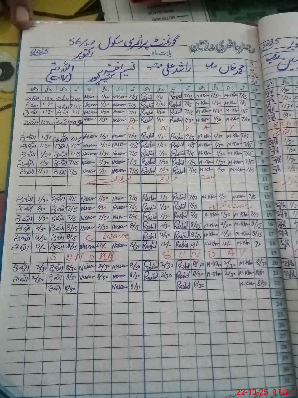 | CNIC | Full Name | Designation | R/C | Absence During Last Calender Month |
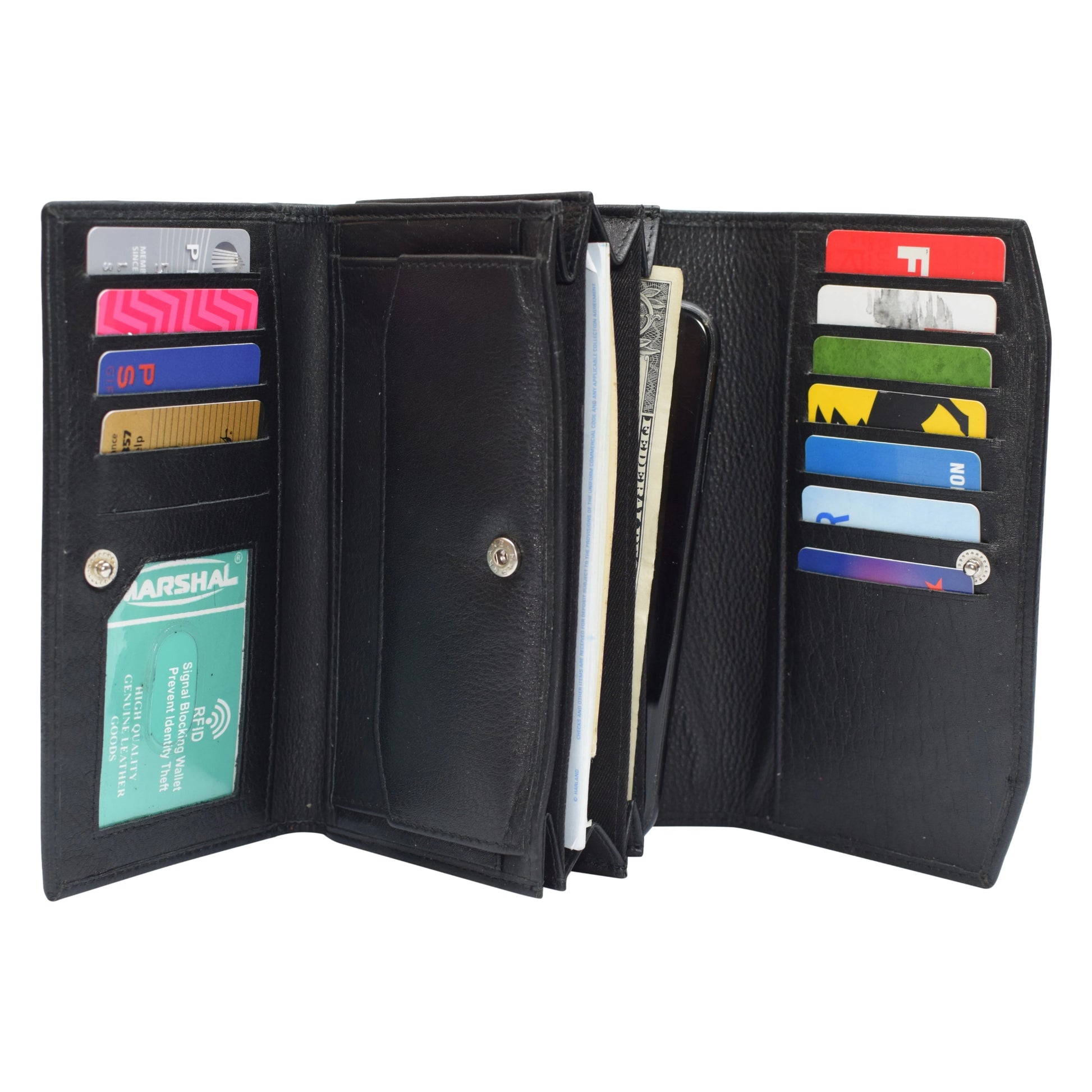 Accordion Trifold Design: The wallet features an accordion-style trifold design with multiple compartments, offering ample space to organize your essentials, including cash, cards, coins, and even your smartphone.
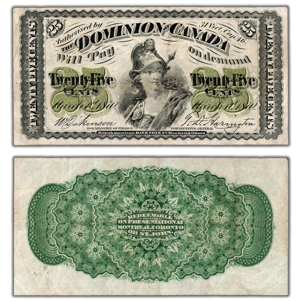 SOLD 25 Cents 1870 Dominion of Canada Shinplaster Note Plain DC-1c - VF+
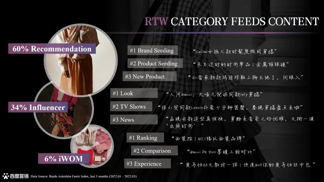 从信息流内容来看,消费者喜欢在百度上看到的是推荐种草、明星穿搭以及口碑排行相关内容,其中最受欢迎的推荐种草类,占比高达六成,大家习惯于在信息流的内容中接收各类品牌、产品与新品的安利。除此之外,关于明星名人的内容占据了34%的比重,风格不同的明星、idol总能成为大家的穿搭模板。
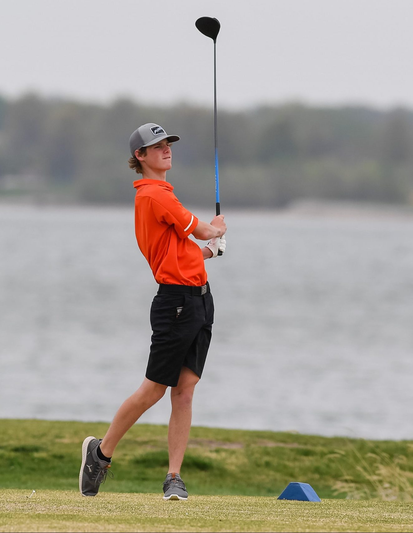 Platte County senior Evan Handke watches a drive in the Highway 92 Showdown last week at Paradise Pointe Golf Complex in Smithville.
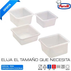 Cubeta Cuadrada color blanco con diferentes capacidades. Cubeta alimentación ideal para transporte y almacenaje de alimentos.
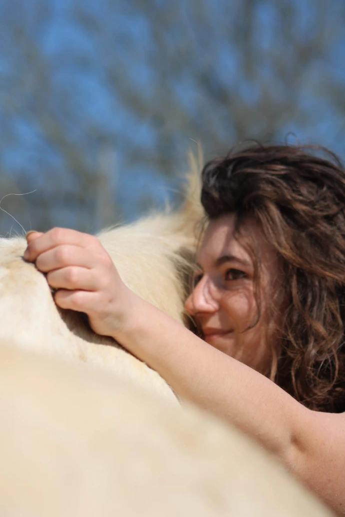 Ma seconde jument a été une nouvelle étape. Elle m’a poussée à développer mes ressentis, à travailler plus finement les équilibres énergétiques et à m’exercer d’abord en douceur sur mes propres animaux, puis auprès d’autres.
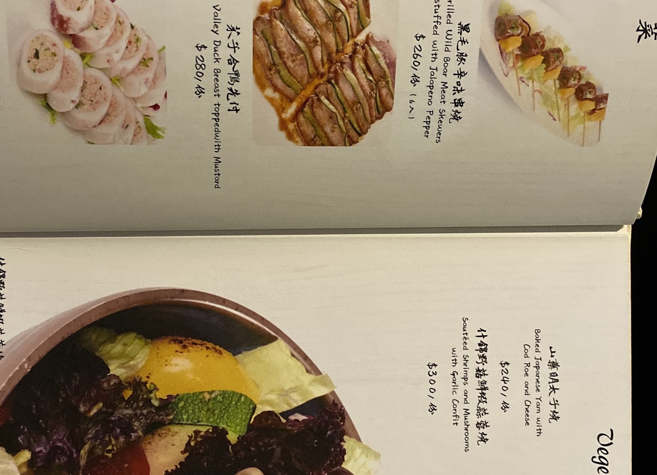 餐廳服務很好,氣氛佳,每道菜都非常好吃,Tapas: 輕炙海鮮串(爽口鮮甜)、紫蘇蝦球、牛五花瑪格莉特串(牛五花裡面包番茄,外層再撲上一層起司,最後撒上炸過<麵包㞕>不確定)。Appetizer 前菜:爐燒牛蒡松阪豚脆餅,霜降中卷佐黃瓜(口感層次豐富)。南瓜豆腐(南瓜泥軟綿入口即化,像豆腐一樣)。Nigiri握壽司:鮭魚卵握、馬糞海膽握。 Grill 烤物:肥蝦蟹膏豐味(上面烤過的海膽吃起來像鹹蛋黃)。海鮮胡麻涼麵。日式牛肋羅宋湯、大葉蛤蠣湯。
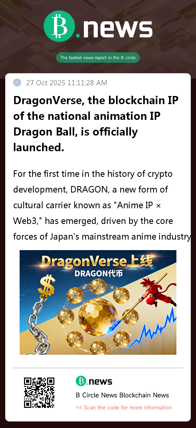 As the on-chain debut of the nationally recognized anime IP "Dragon Ball," DRAGON is the core token of DragonVerse, an on-chain IP RWA (Real World Asset) universe built on the "Dragon Ball" IP, and the first IP RWA project on BNB CHAIN. Notably, the project founder revealed on Bonk's Chinese Space last evening that the team has completed the acquisition of a second "Dragon Ball" IP and will announce it soon. DragonVerse's official announcement also mentioned plans for TCG (Trading Card Games) to further expand its content ecosystem.
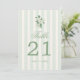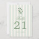 Sage green wedding table number cards featuring elegant script, soft stripes, and delicate floral accents. These customizable reception table numbers help guests find their seats while adding a cohesive, romantic touch to your garden, cottagecore, or vintage inspired wedding decor.
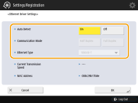 Normally, press <On> in <Auto Detect>. The communication system and Ethernet type are detected and automatically configured.
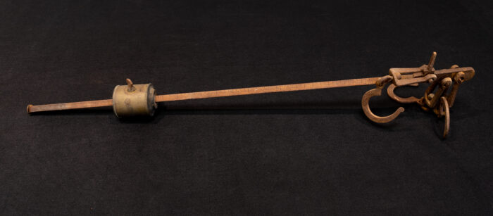 Col·leccions: Activitats comercials, Oficis i activitats, Utensilis i eines d'activitats comercialsAquest instrument (Státera romana) és un més de tantes variacions ideades per a mesurar masses (col·loquialment, “pesar”).
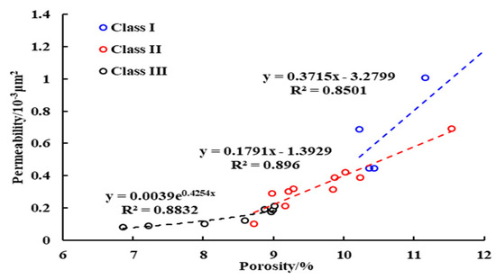 Nano pores account for the largest proportion in tight reservoirs and have a very important impact on the physical properties of reservoirs [21]. In order to further verify the accuracy of the comprehensive evaluation and prediction model (MK-SVM) of reservoirs, the relationship between porosity and permeability of class I, II, and III reservoirs was deeply analyzed. It can be seen from Figure 5 that there is an obvious positive correlation between the porosity and permeability of the I, II and III reservoirs, and the correlation coefficients R2 are all greater than 0.85, which shows that in the same type of reservoir, the microscopic development degree of pores has a strong control effect on the seepage capacity of the reservoir. It is further proved that the accuracy of the MK-SVM model is sufficient to provide reliable prediction results.
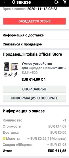 Потерял более двух месяцев на ожидание посылки, но так и не дождался её. ((( Продавец написал мне, что она, дескать, пропала во время транспортировки, но что-то я очень сомневаюсь в этом. Скорее всего товар, из-за скидки АлиЭкспресс и низкой стоимости в итоге (€ 11.85), вообще не был мне отправлен. На это продавец в чате ничего не ответил. Открыл спор и магазин молча вернул деньги. М-да... Сейчас зарядник продаётся здесь за € 18.40 ‼️ ((
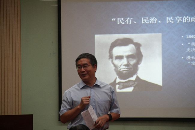 除此之外,田老师还提出了一些使人耳目一新的观点。如通过对比法条的语言表述,援引他人观点佐证,指出《权利法案》在内战前,并不能落实到每个个体、切实保障个人权利,而是旨在通过限制国会的权力来使各州权利不因联邦政府而受到限制。又如将林肯1863年进行的葛底斯堡演讲作为早期宪法史的终结,并用“美国建国八十七年来若干重大问题的历史决议”这一俏皮性的表述强调美国漫长建国时刻内的两种路线斗争至此“定于一”的观点,为整个演讲画上了一个意犹未尽的省略号。
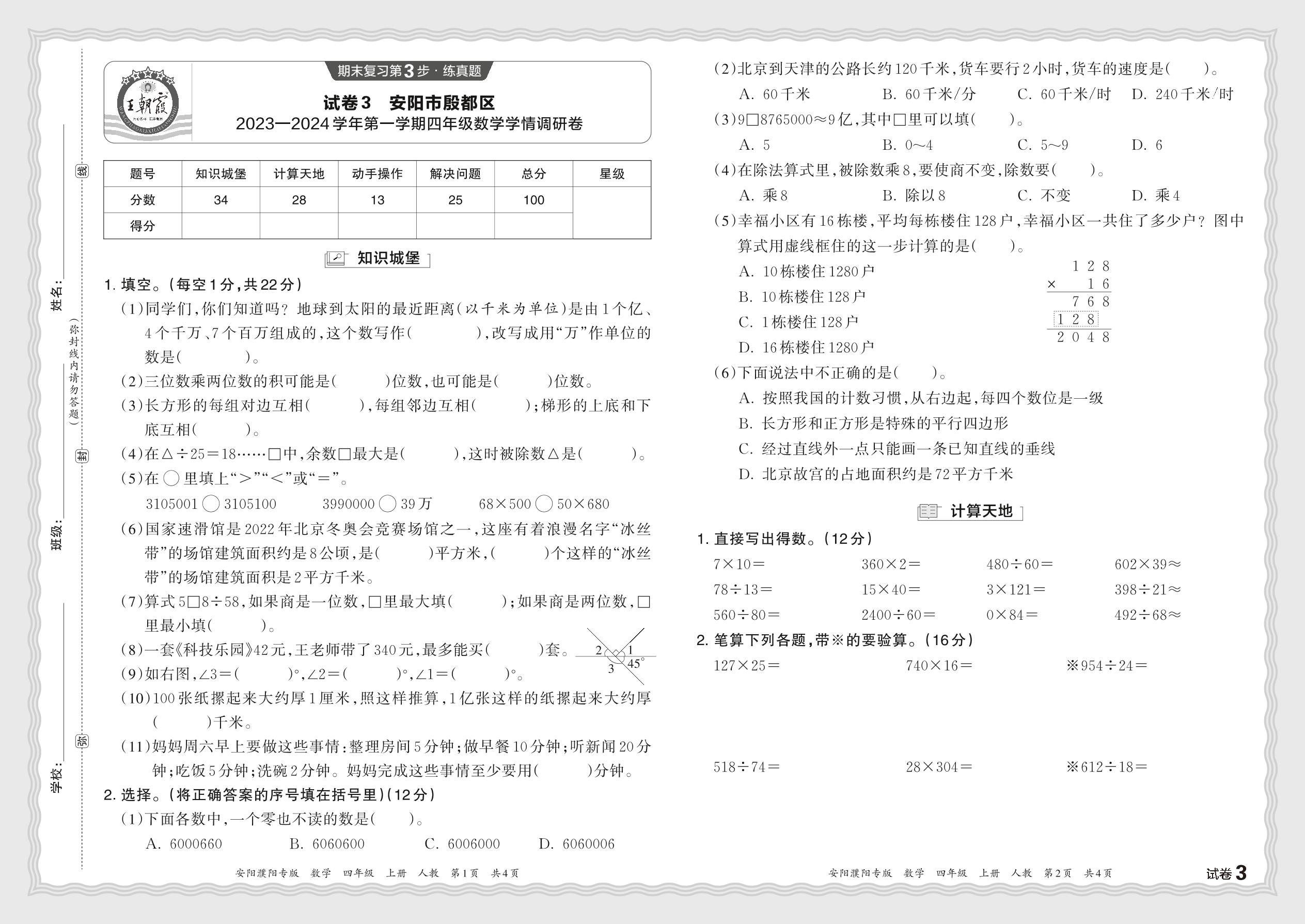 河南省安阳市殷都区2023—2024学年第一学期四年级数学学情调研卷(人教版)【3】
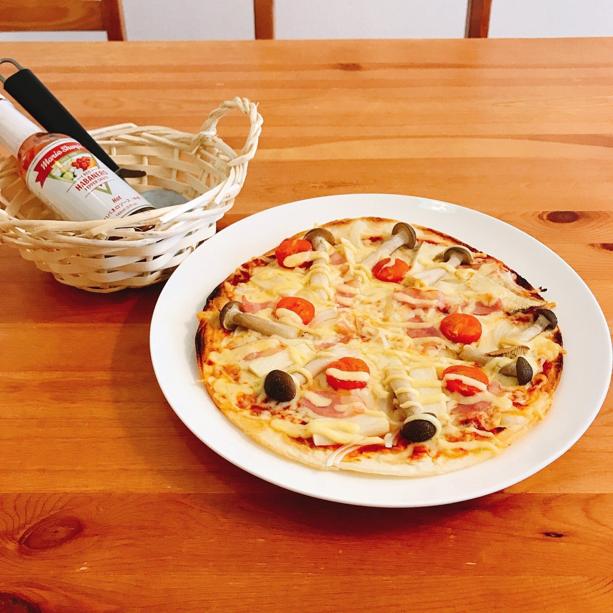残ってしまった野菜の消費におすすめ、野菜たっぷりクリスピーピザです。きのこ類のほかに、ナスやピーマンなどお好みの野菜を加えても◎。薄手の生地なので、手軽に食べられますよ。
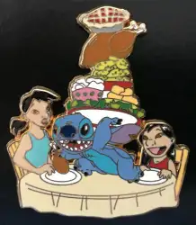 Lilo, Stitch and Nani sharing Thanksgiving dinner is a Limited Edition (LE) 500 pin from the Thanksgiving pin series. It was originally released in November, 2005 and was available from Disney Store US .
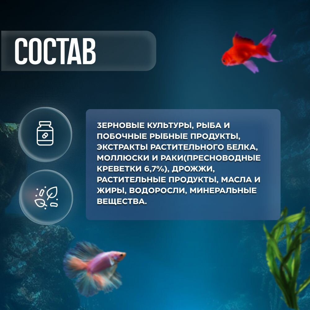| Плюсы: | Хороший разнообразный корм. Последний год всех своих рыб кормлю только им. |
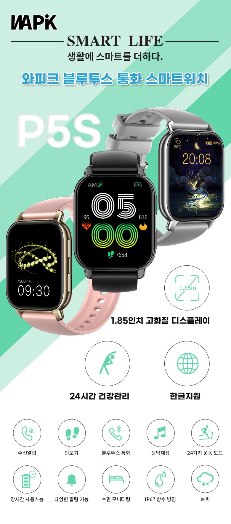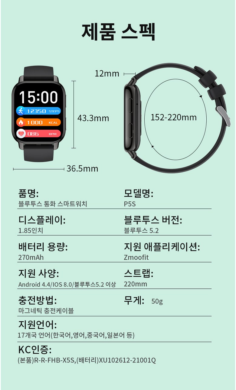 | 품명 및 모델명 | 통화가능 웨어러블 블루투스 스마트 워치 P5S 1.85인치 | KC 인증정보 | XU102612-21001Q/ R-R-FHB-X5S |
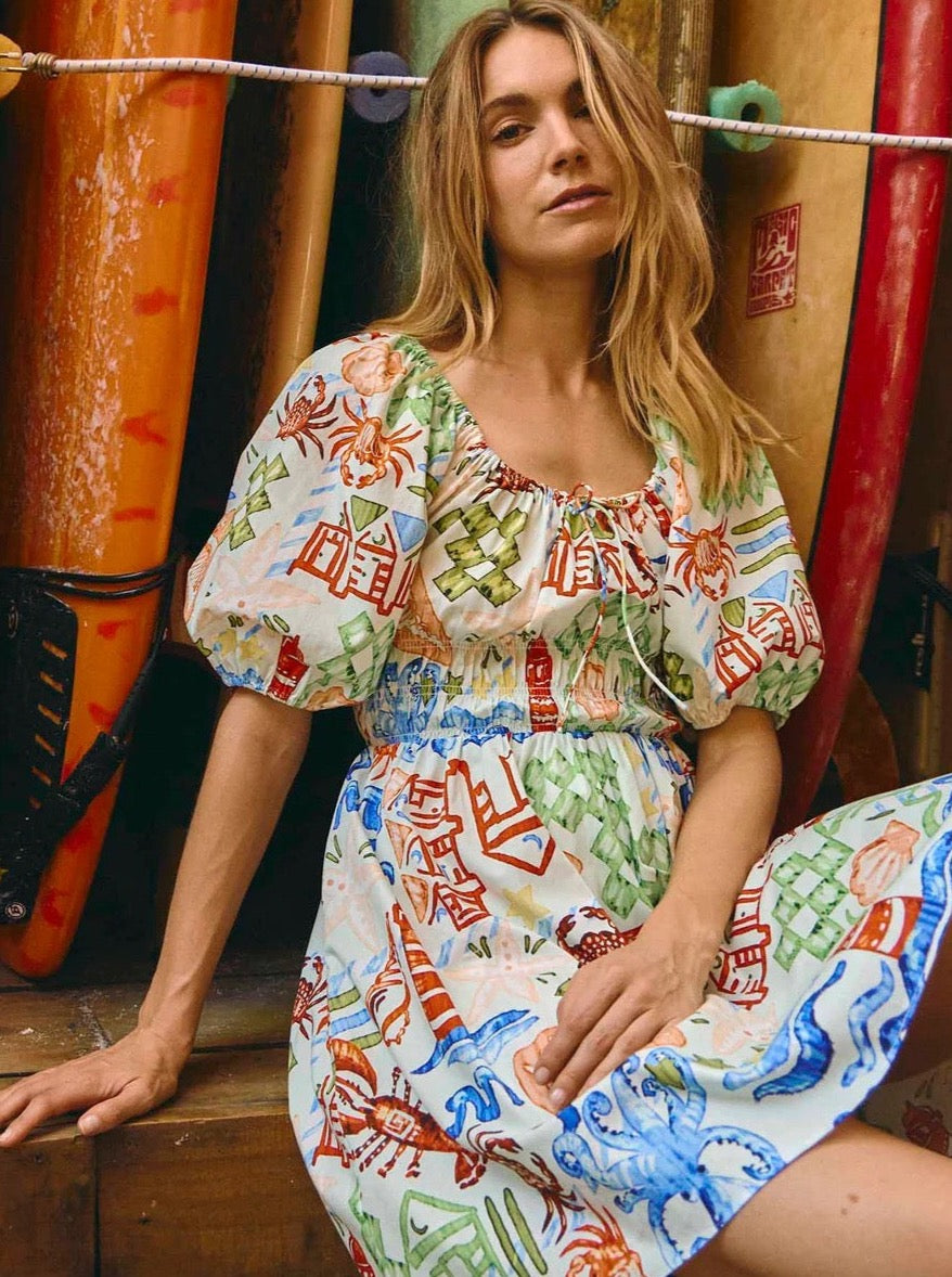 The Drew dress was designed to embrace the spirit of spring with effortless style and flirtatious charm. Featuring a scoop neckline with drawstring tie detail. a smocked elastic waist and a shirred mini skirt. we predict Drew will be a star this season.

------------------------------------------------------------

Your answer is the exact run of lines above from the one with "Normally, press <On>" through the one with "Col·leccions: Activitats comercials, Oficis", both ends included, minus any picture.

Exercise response:
 Normally, press <On> in <Auto Detect>. The communication system and Ethernet type are detected and automatically configured.
 Col·leccions: Activitats comercials, Oficis i activitats, Utensilis i eines d'activitats comercialsAquest instrument (Státera romana) és un més de tantes variacions ideades per a mesurar masses (col·loquialment, “pesar”).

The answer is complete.